### What is needed
For the entries below, return every line from the top through the line with "A barna Micarta" exactly as it stands, omitting pictures.

### Record set
"""
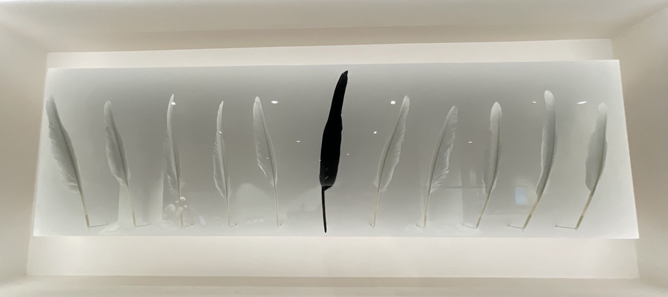 지하로 내려가는 계단 공간에, 지하~1층 높이의 전시물이 먼저 눈에 들어옵니다.
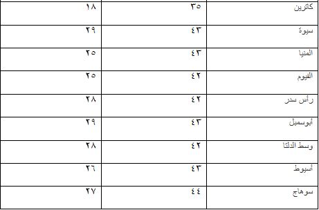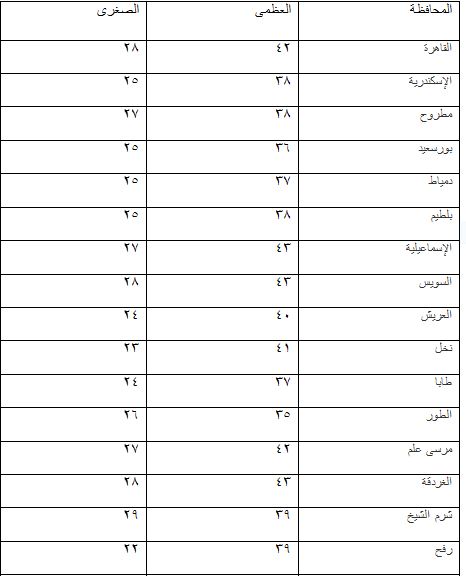 بيان بدرجات الحرارة المتوقعة على محافظات ومدن مصر:
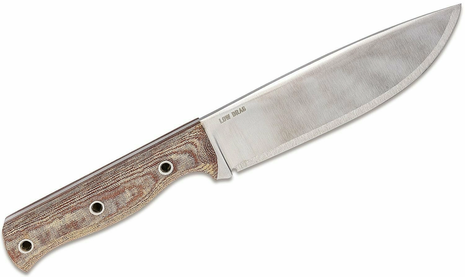 A barna Micarta markolat kifejezett textúrával és ergonomikus formával szárazon és nedvesen is biztosan kézben áll. A 1075-ös acél rugalmas szénacél – a hosszú élettartam érdekében munka után elég a pengét megtisztítani és enyhén beolajozni.
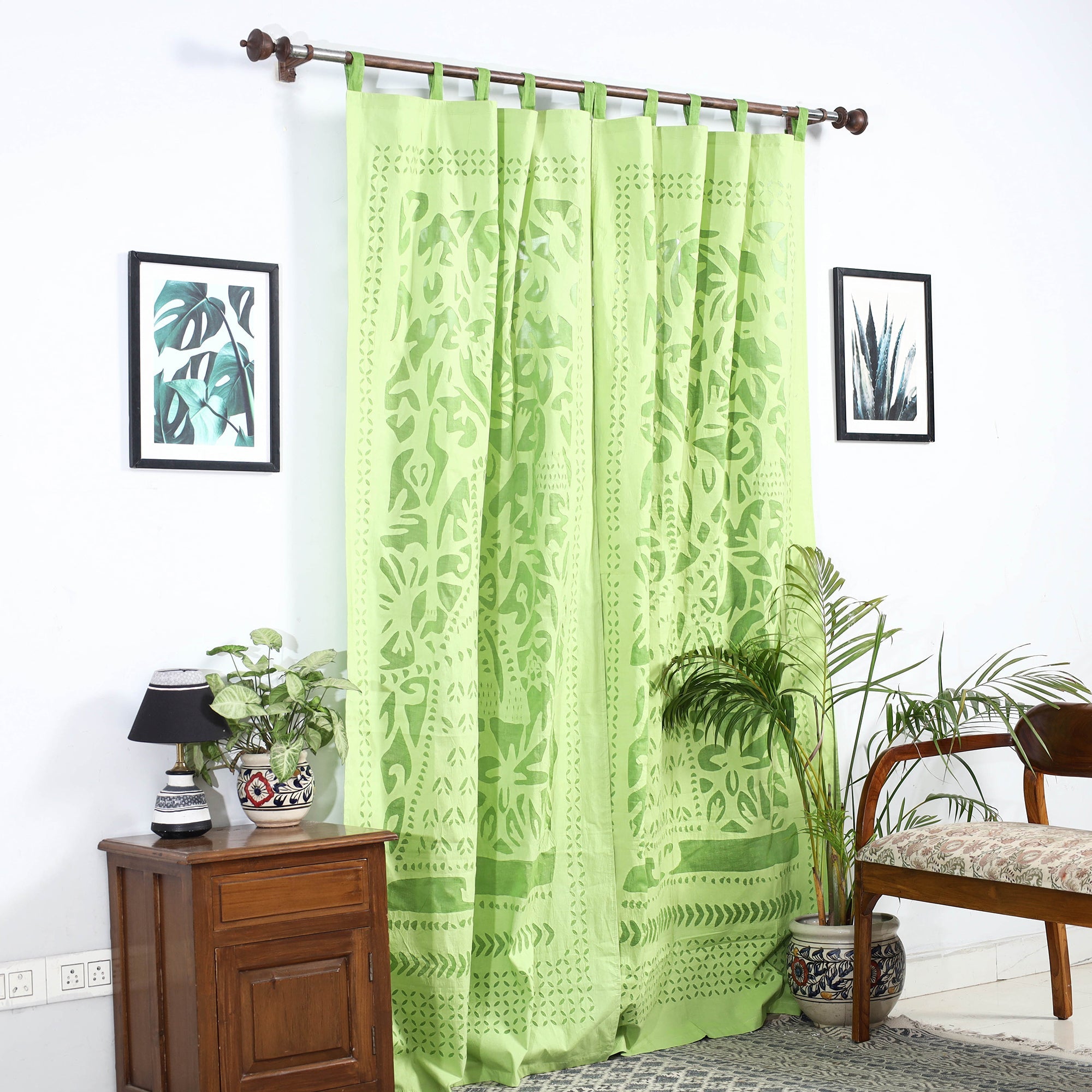 Fine-quality green hand-stitched traditional applique cutwork door curtain made from organdy cotton fabric. The applique cutwork door curtain from Barmer is a stunning home decor piece that adds elegance to any space. Its unique style of appliqué work does magic in light and shade with beautiful stories and patterns. It diffuses soft, natural light while providing privacy. This curtain serves as a stylish door treatment, enhancing the ambiance of your room with its exquisite craftsmanship and timeless appeal.
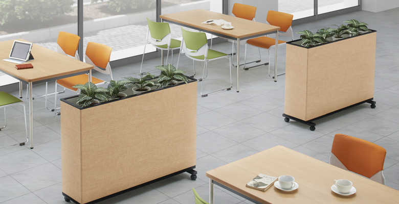 GR2013は、株式会社ベルクが手がける、シンプルスタイルのグリーンカーテンタイプ・パーテーションで高さがロータイプ1300mmです。木目シート仕上げの本体フレームが、空間にやさしいナチュラルな印象を与えます。
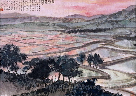 Wir bieten Ihnen eine handgefertigte Reproduktion auf Leinwand des berühmten Kunstwerks 'Nähern Yanbian' von Fu Baoshi, aus dem Reproduktionsmuseum.
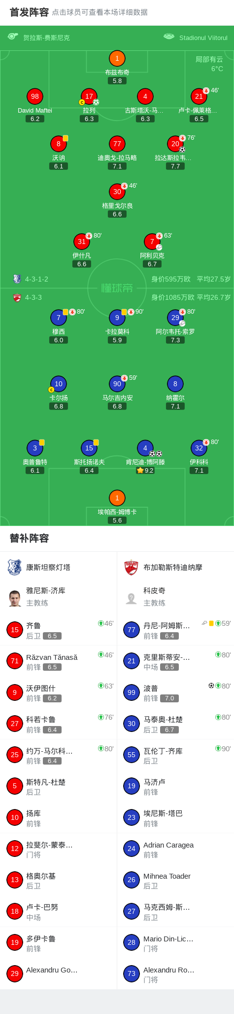 第25分钟,康斯坦察灯塔球员阿利贝克助攻拉达斯拉韦斯库打入一球。
"""
### Exercise response
 지하로 내려가는 계단 공간에, 지하~1층 높이의 전시물이 먼저 눈에 들어옵니다.
 بيان بدرجات الحرارة المتوقعة على محافظات ومدن مصر:
 A barna Micarta markolat kifejezett textúrával és ergonomikus formával szárazon és nedvesen is biztosan kézben áll. A 1075-ös acél rugalmas szénacél – a hosszú élettartam érdekében munka után elég a pengét megtisztítani és enyhén beolajozni.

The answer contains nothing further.